Transcribe the records below word for word, leaving every picture out.

==========

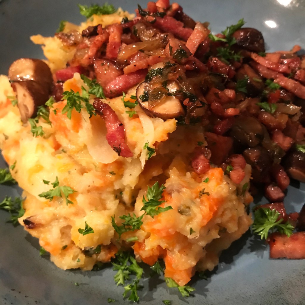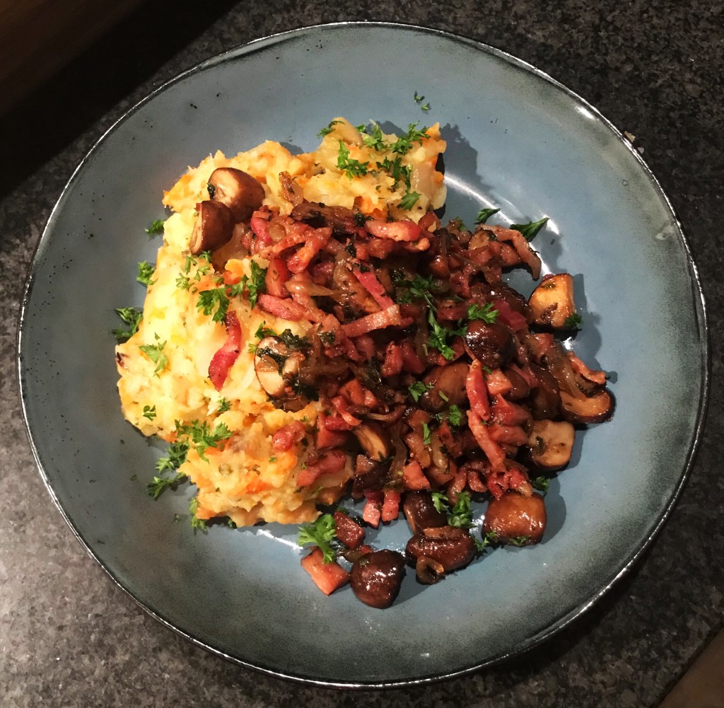Lekker met een stukje vis of gebakken spekjes met champignons en ui
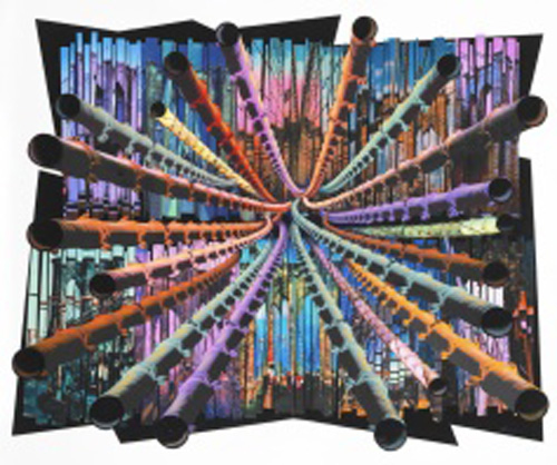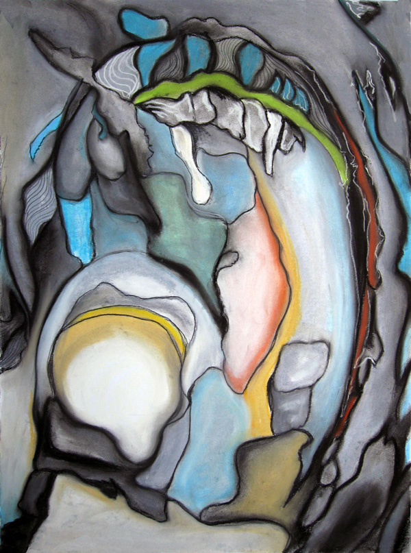 Another prolific and fascinating artist, Len Merlo describes his works as "meditations on memories, perception, time and place" and the selection on view in the fourth floor atrium and hallway areas only hints at the range of media in which he is fluent. Beyond his selection of pastels, collages, prints, and paintings displayed Merlo is widely known for his exceptional printmaking skills and for his work in monotypes, encaustics, etching, linocuts and sculpture. In this exhibit, his palette varies, from the intense and yet delicate coloring of his pastels (Oyster Shell series) to the muted earth tones associated with industrial elements. In some works, he incorporates fanciful, bold colors of imaginary landscapes or whimsical, strangely hued hand shapes (the Hand series), and intriguing combinations of organic and geometric forms within compartmentalized compositions. Blobs of color intersect precise lines, ladders ascend to mystical heights or map-like roads take us through landscapes below alien organic forms. His titles also reward that "closer look," with their literate (and often philosophical), reflective or poetic quality.
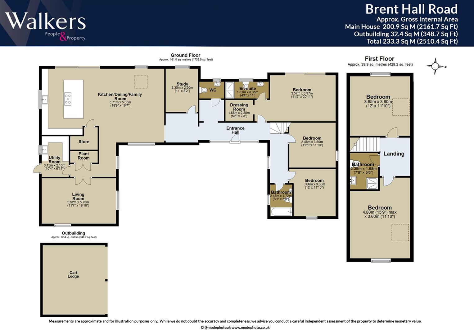 The master suite is a sanctuary of comfort, complete with an ensuite bathroom, dressing room, and patio access. Two additional double bedrooms, a stylish family bathroom, and a guest WC complete the ground floor.
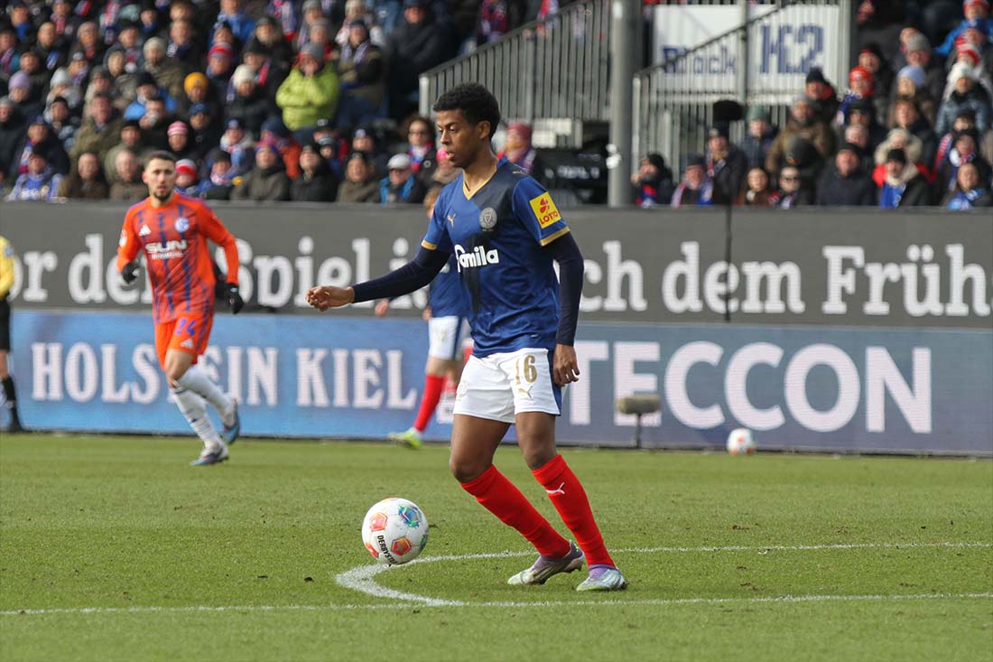 Andu Kelati (Holstein Kiel) sorgte für einige Farbtupfer in der Offensive, zu mehr reichte es gegen kampfstarke Karlsruher nicht. © 2026 Ismail Yesilyurt
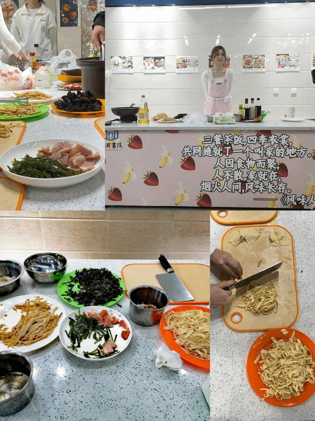 “移时三餐”美食綦趣坊因美食文化起兴,以移通师生兴趣为导向,驻綦河书院功能室“小厨·共享厨房”为阵地。美食佳肴教学,每期小班60人分组教学,构建精细化美食课程体系;采用理论公开课与实践体验课相结合的形式,从学到做,寓教于乐,引领移通师生们了解美食知识,爱上美食文化。
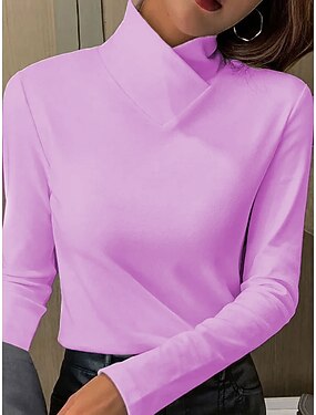 Femmes T-shirt Uni Élégant ancien Occasionnel manche longue Col haut Hauts Réguliers Quotidien Bleu Rose Claire Violet Orange Vert Printemps Automne Hiver
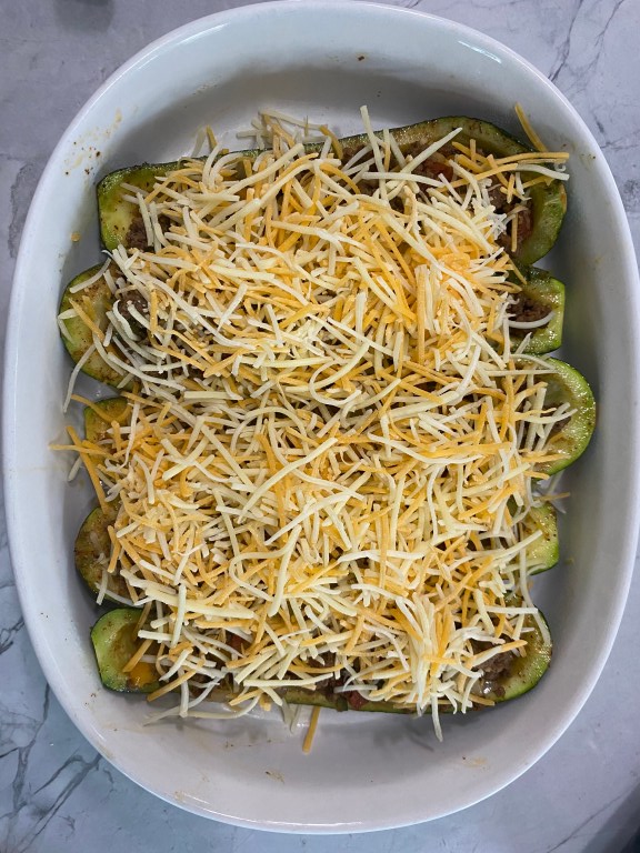- Place zucchini skin down in a pan or baking sheet that is oven safe, carefully place spoonfuls of taco mixture in zucchini boats and then top with shredded cheese.
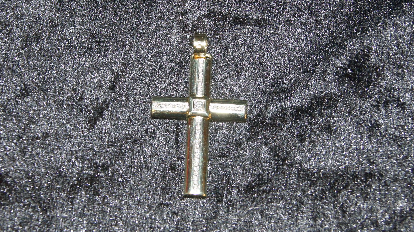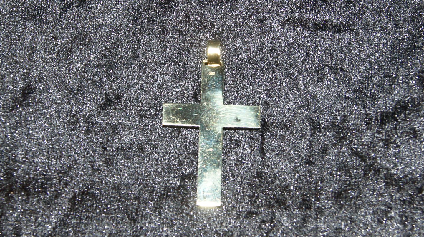 Kors i 14 karat Guld med brillianter Stemplet 585 Måler 47,37*26,90 mm Tjekket af guldsmed og varen findes ikke fysisk i vores butik, så kontakt os for yderligere info
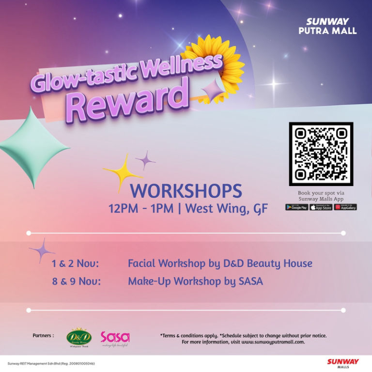Join our Glow-tastic Wellness Workshops this November at Sunway Putra Mall and learn the secrets to radiant skin and flawless beauty! 💄💅
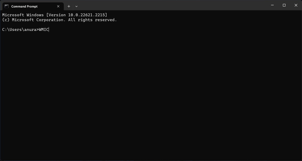 - 명령 프롬프트에 WMIC 명령을 입력 하고 Enter 키를 누릅니다
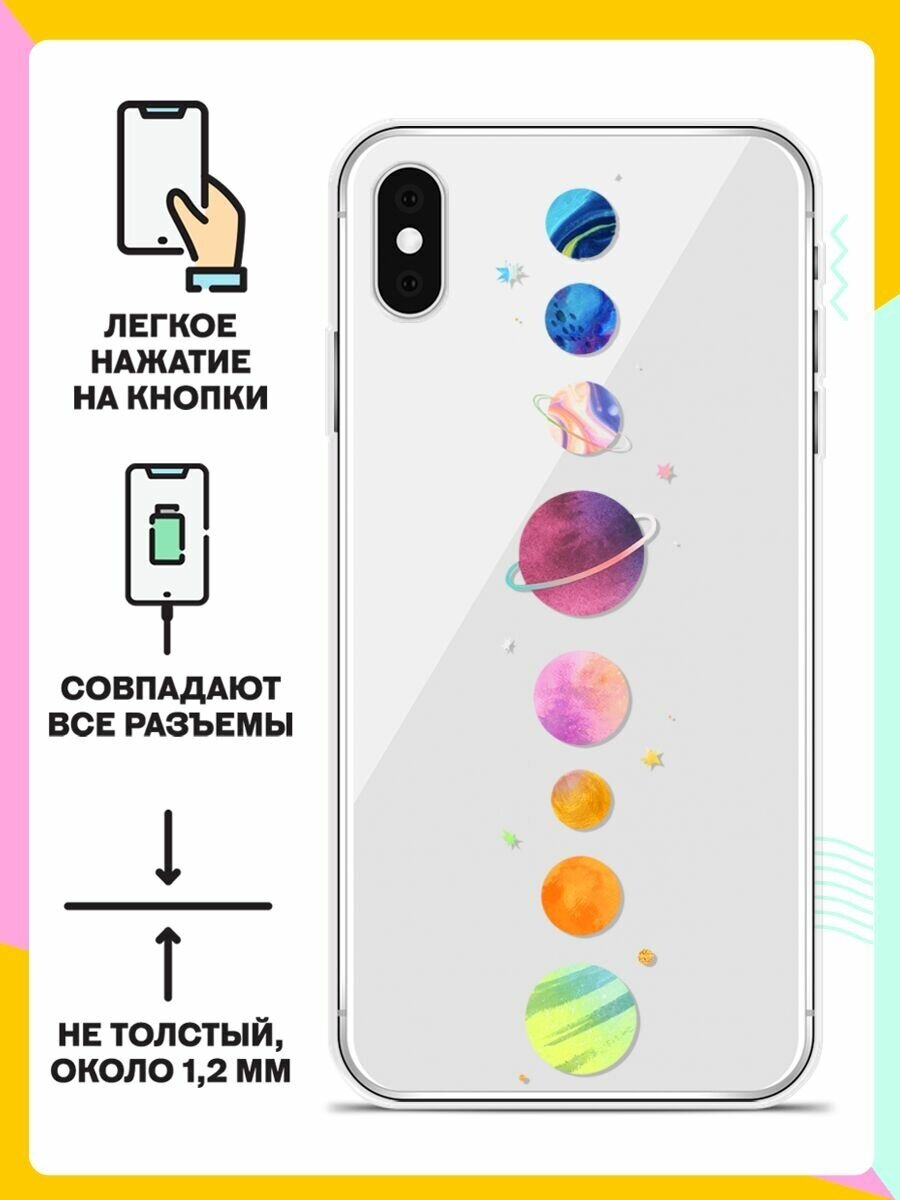 Силиконовый чехол на Apple iPhone XS Max Планеты в ряду / для Эпл Айфон Икс С Макс интересное:

==========

WORKED SOLUTION
Lekker met een stukje vis of gebakken spekjes met champignons en ui
 Another prolific and fascinating artist, Len Merlo describes his works as "meditations on memories, perception, time and place" and the selection on view in the fourth floor atrium and hallway areas only hints at the range of media in which he is fluent. Beyond his selection of pastels, collages, prints, and paintings displayed Merlo is widely known for his exceptional printmaking skills and for his work in monotypes, encaustics, etching, linocuts and sculpture. In this exhibit, his palette varies, from the intense and yet delicate coloring of his pastels (Oyster Shell series) to the muted earth tones associated with industrial elements. In some works, he incorporates fanciful, bold colors of imaginary landscapes or whimsical, strangely hued hand shapes (the Hand series), and intriguing combinations of organic and geometric forms within compartmentalized compositions. Blobs of color intersect precise lines, ladders ascend to mystical heights or map-like roads take us through landscapes below alien organic forms. His titles also reward that "closer look," with their literate (and often philosophical), reflective or poetic quality.
 The master suite is a sanctuary of comfort, complete with an ensuite bathroom, dressing room, and patio access. Two additional double bedrooms, a stylish family bathroom, and a guest WC complete the ground floor.
 Andu Kelati (Holstein Kiel) sorgte für einige Farbtupfer in der Offensive, zu mehr reichte es gegen kampfstarke Karlsruher nicht. © 2026 Ismail Yesilyurt
 “移时三餐”美食綦趣坊因美食文化起兴,以移通师生兴趣为导向,驻綦河书院功能室“小厨·共享厨房”为阵地。美食佳肴教学,每期小班60人分组教学,构建精细化美食课程体系;采用理论公开课与实践体验课相结合的形式,从学到做,寓教于乐,引领移通师生们了解美食知识,爱上美食文化。
 Femmes T-shirt Uni Élégant ancien Occasionnel manche longue Col haut Hauts Réguliers Quotidien Bleu Rose Claire Violet Orange Vert Printemps Automne Hiver
- Place zucchini skin down in a pan or baking sheet that is oven safe, carefully place spoonfuls of taco mixture in zucchini boats and then top with shredded cheese.
 Kors i 14 karat Guld med brillianter Stemplet 585 Måler 47,37*26,90 mm Tjekket af guldsmed og varen findes ikke fysisk i vores butik, så kontakt os for yderligere info
Join our Glow-tastic Wellness Workshops this November at Sunway Putra Mall and learn the secrets to radiant skin and flawless beauty! 💄💅
 - 명령 프롬프트에 WMIC 명령을 입력 하고 Enter 키를 누릅니다
 Силиконовый чехол на Apple iPhone XS Max Планеты в ряду / для Эпл Айфон Икс С Макс интересное:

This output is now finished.